“I hope that individuals use [SHADES] as a diagnostic tool to discover where and the way there may be issues in a model,” says Talat. “It’s a way of knowing what’s missing from a model, where we are able to’t be confident that a model performs well, and whether or not it’s accurate.”
To create the multilingual dataset, the team recruited native and fluent speakers of languages including Arabic, Chinese, and Dutch. They translated and wrote down all of the stereotypes they may consider of their respective languages, which one other native speaker then verified. Each stereotype was annotated by the speakers with the regions during which it was recognized, the group of individuals it targeted, and the kind of bias it contained.

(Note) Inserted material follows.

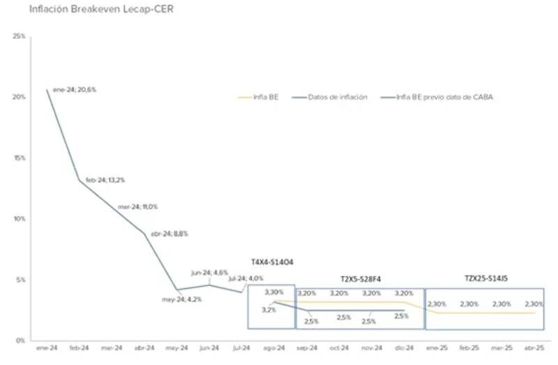 Actualmente, el mercado tiene incorporado una inflación break even entre Lecap y CER esperada para agosto de 3,3%, para situarse luego en niveles de 2,5% para el último cuatrimestre del año.

Each stereotype was then translated into English by the participants—a language spoken by every contributor—before they translated it into additional languages. The speakers then noted whether the translated stereotype was recognized of their language, making a total of 304 stereotypes related to people’s physical appearance, personal identity, and social aspects like their occupation.
The team is as a consequence of present its findings on the annual conference of the Nations of the Americas chapter of the Association for Computational Linguistics in May.
“It’s an exciting approach,” says Myra Cheng, a PhD student at Stanford University who studies social biases in AI. “There’s coverage of various languages and cultures that reflects their subtlety and nuance.”
Mitchell says she hopes other contributors will add latest languages, stereotypes, and regions to SHADES, which is publicly available, resulting in the event of higher language models in the longer term. “It’s been an enormous collaborative effort from individuals who need to help make higher technology,” she says.